The participants were prompted to select the 3 medical subspecialties they believed would be most affected by AI integration. The respondents selected diagnostic radiology (278/390, 71.3%), pathology (167/390, 42.8%), and interventional radiology (95/390, 24.6%) (). Furthermore, we found that 70 of 386 (18.1%) students were less likely to enter specialties they thought would be affected by the anticipated integration of AI into that specialty ( ).
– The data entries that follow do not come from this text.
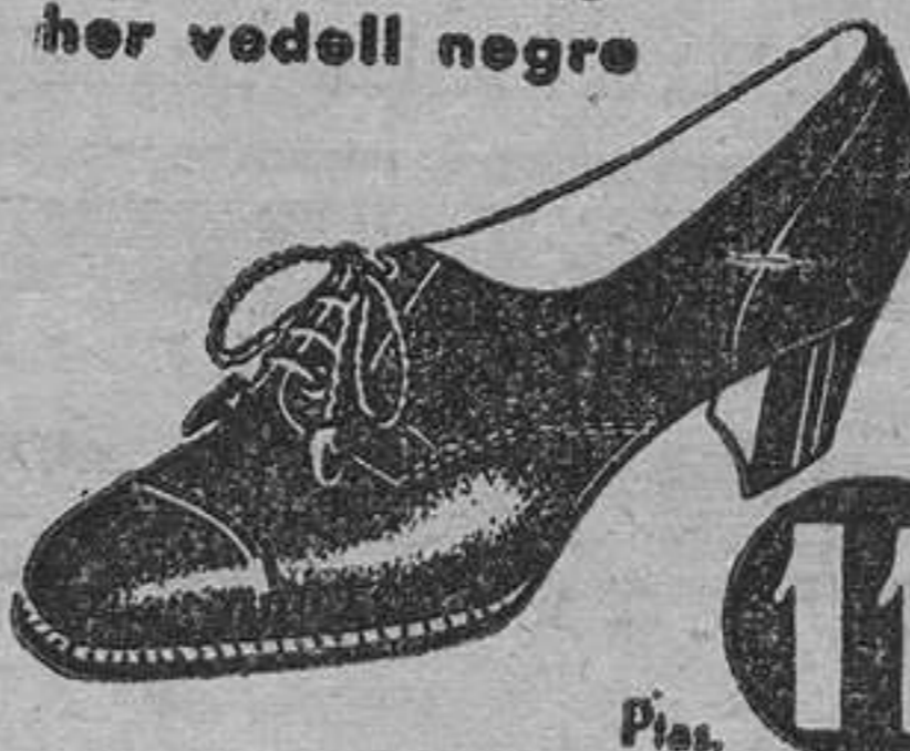
MODEL 6045/4 • Blucher vedell negre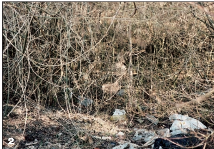
Foto 1, 2, 3, 4: Cava Cise come era in origine e come è stata trasformata in Sacratio

Altre 7 o 8 persone di cui non si conosce l'identità.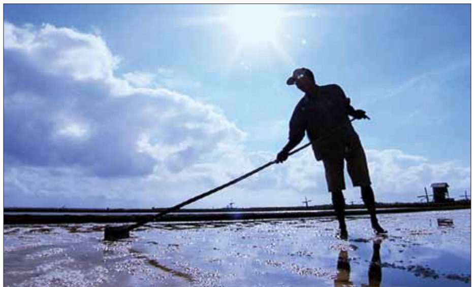
Cuplikan Program Bumi & Manusia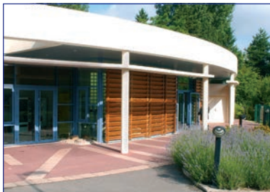
Crématorium du Mont-Valérien à Nanterre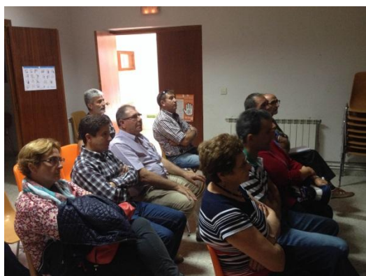
Reunión con los alcaldes de los 17 municipios en Solana de Rioalmar el día 29 de septiembre de 2015

Con motivo del lanzamiento de la segunda convocatoria de proyectos del Programa JESTeR, el grupo de investigación Gesplan convocó a los alcaldes de los diecisiete municipios a una reunión, que tuvo lugar en el Ayuntamiento de Solana de Rioalmar el día 29 de septiembre de 2015. El principal objetivo de la reunión fue compartir experiencias e impresiones de los resultados obtenidos en el primer año de trabajo, y por otro lado, dar a conocer los pasos que se llevarían a cabo en los meses venideros. A esta reunión acudieron los alcaldes de los municipios de Brabos, Cillán, Gallegos de Altamiro, Mirueña de los Infanzones, Muñico, Sigeres, Solana de Rioalmar, Villafior y uno de los ediles de Vita.

Knowledge of and Familiarity With AI in Medicine
Next, this survey assessed the familiarity of medical students with the application of AI in medicine (). Only a small portion of students (54/388, 13.9%) indicated they had knowledge of core AI concepts (eg, cross validation and deep learning). Our findings further indicated that the medical students were unfamiliar with current clinical applications of AI, with only 89 of 388 (22.9%) agreeing that they could “list some examples of recent clinically-relevant AI research,” whereas 267 (68.8%) disagreed. Less than half of respondents (152/388, 39.2%) agreed that they could “separate ‘hype’ AI articles vs. clinically relevant AI articles,” whereas 162 of 388 (41.8%) disagreed. Moreover, 167 of 387 (43.2%) agreed that it was “hard to understand and approach AI because of media sensationalism,” while 124 of 387 (32%) neither agreed nor disagreed. Only 96 of 388 (24.8%) disagreed that media sensationalism made approaching and understanding AI more difficult. This survey further assessed the sources that the students had used to learn about AI in medicine; these were found to include media (263/386, 68.1%), family and friends (134/386, 34.7%), online forums (98/386, 25.4%), and professors or doctors (89/386, 23.1%) ( ).
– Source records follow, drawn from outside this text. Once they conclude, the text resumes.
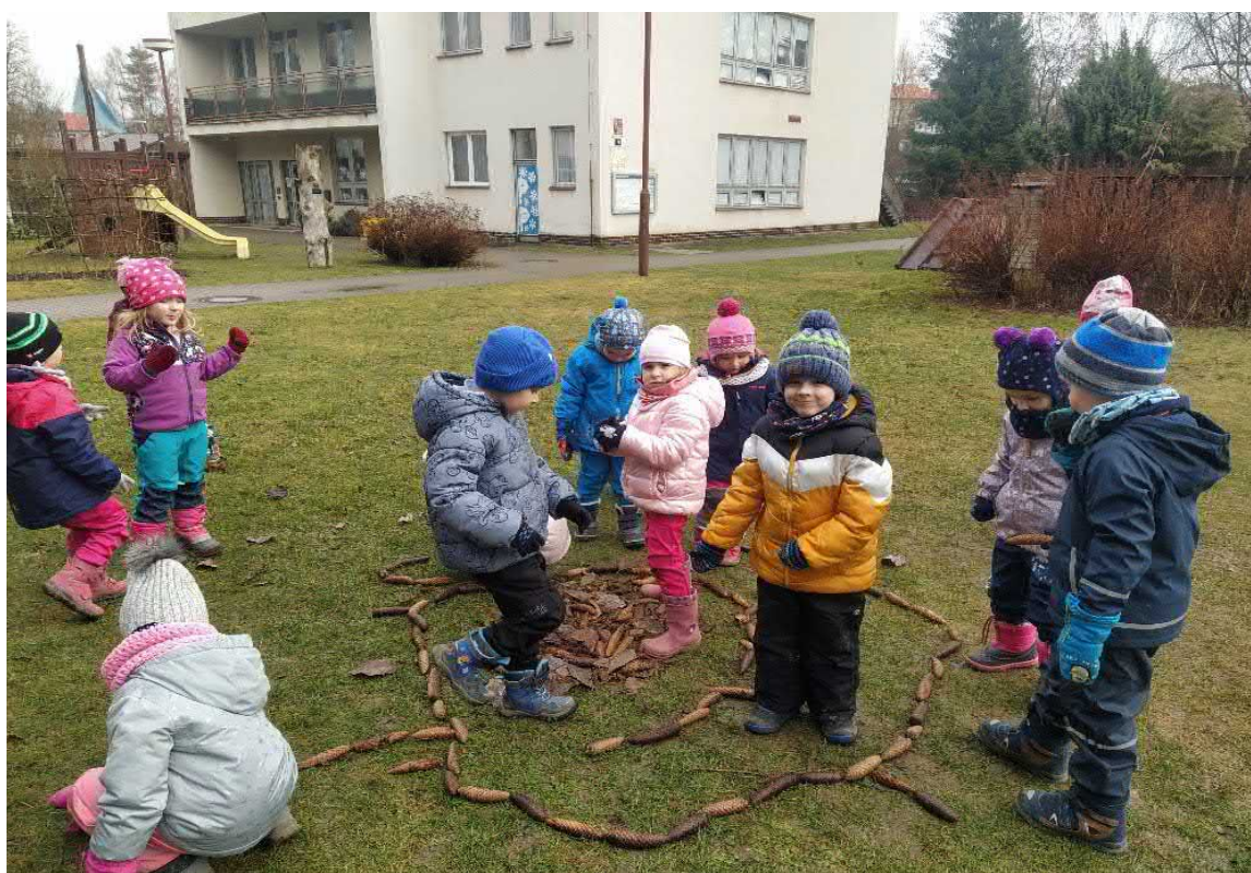
Hry na zahradě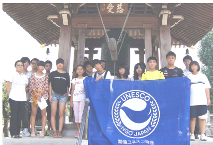
永宝寺での「平和の鐘を鳴らそう運動」の様子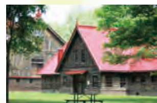
札幌農学校第2農場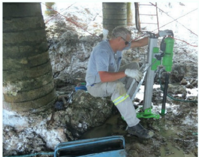
Técnico da Ekiye-C trabalha na análise do solo do arquipélago

do ano de 1998. Em virtude de ser danificada pelo poder das ondas do oceano Atlântico, a segunda estação científica foi erguida no ano de 2008, em local um pouco mais ao centro da ilha principal, a fim de ficar mais protegida da fúria do mar. Essa última mantém-se no local até os dias atuais.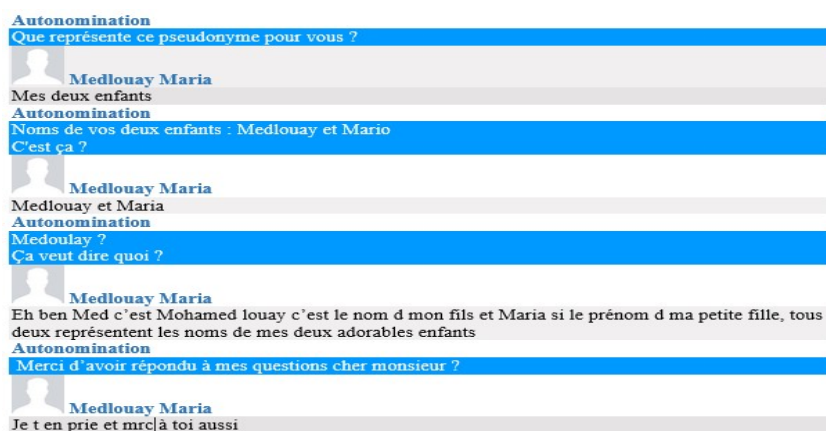
Capture d'écran d'un entretien par messagerie instantané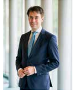
Chris Stoffer, Tweede Kamerlid SGP

Sinds april jl. zit ik voor de SGP in de Tweede Kamer. Het was even wennen, maar inmiddels heb ik m'n draai gevonden. Er is genoeg werk aan de winkel. Ik hou me bezig met de beleidsterreinen financiën, defensie, buitenlandse handel, sociale zaken, economische zaken, waaronder het energie- en klimaatbeleid, en niet te vergeten de portefeuille infrastructuur en waterstaat.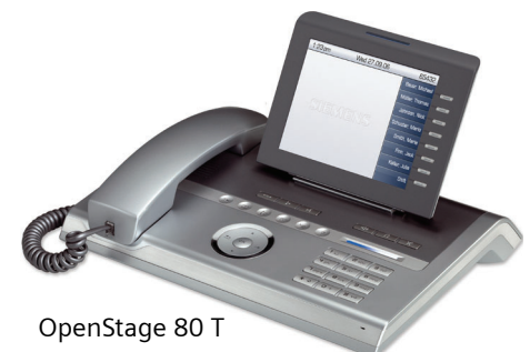
OpenStage 80 T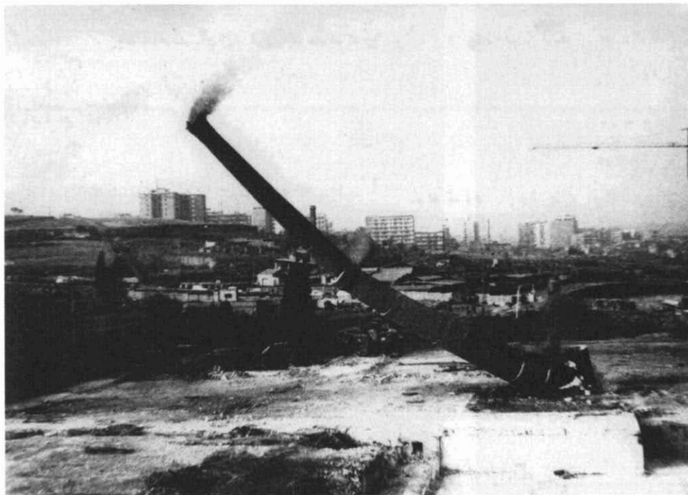
Fotografia 4. Enderroc de la xemeneia de cal Jepó nou (Prat, Carol i Companyia). Tardor de 1973. Autor: Pere Vidal i Miquel. (AFUES).

hi ha hagut noms que s'han confirmat, però també n'hi ha que s'han hagut de desdir: inco-reccions, precisions gràcies al fet que se n'ha pogut esbrinar la data de construcció (és a dir, s'ha sabut el nom de l'empresa que la va fer aixecar), verificacions amb documentació original d'arxiu... Per exemple: Fytisa (no vapor d'en Folguera o Valentí Casas), Tints i Aprestos Casanovas Argelaguet (no molí de l'Oriac), Indústries Auxiliars Casablanques (no vapor de la O), etc. Totes elles, a més, s'han posat sobre el mapa de la ciutat i s'han identificat tipològicament.

Perspectives on AI in Current Medical Education Curricula
Next, the survey assessed medical students’ perspectives on AI in current medical school education. Most students (347/388, 89.4%) agreed that they wanted to “learn what medical students should know about AI in medicine” (). A portion of students (60/388, 15.5%) agreed that learning relevant AI topics (eg, ethics or pros and cons of AI) could significantly detract from their medical school education, while a majority of the surveyed students (258/388, 66.5%) disagreed. Despite overwhelmingly positive responses toward this topic, only 34 of 387 (8.8%) medical students agreed that their respective medical schools offered resources to explore the topic of AI in medicine. Finally, most students (355/388, 91.5%) agreed with the statement “some training in AI concepts and related topics during medical school can be useful for my future career.”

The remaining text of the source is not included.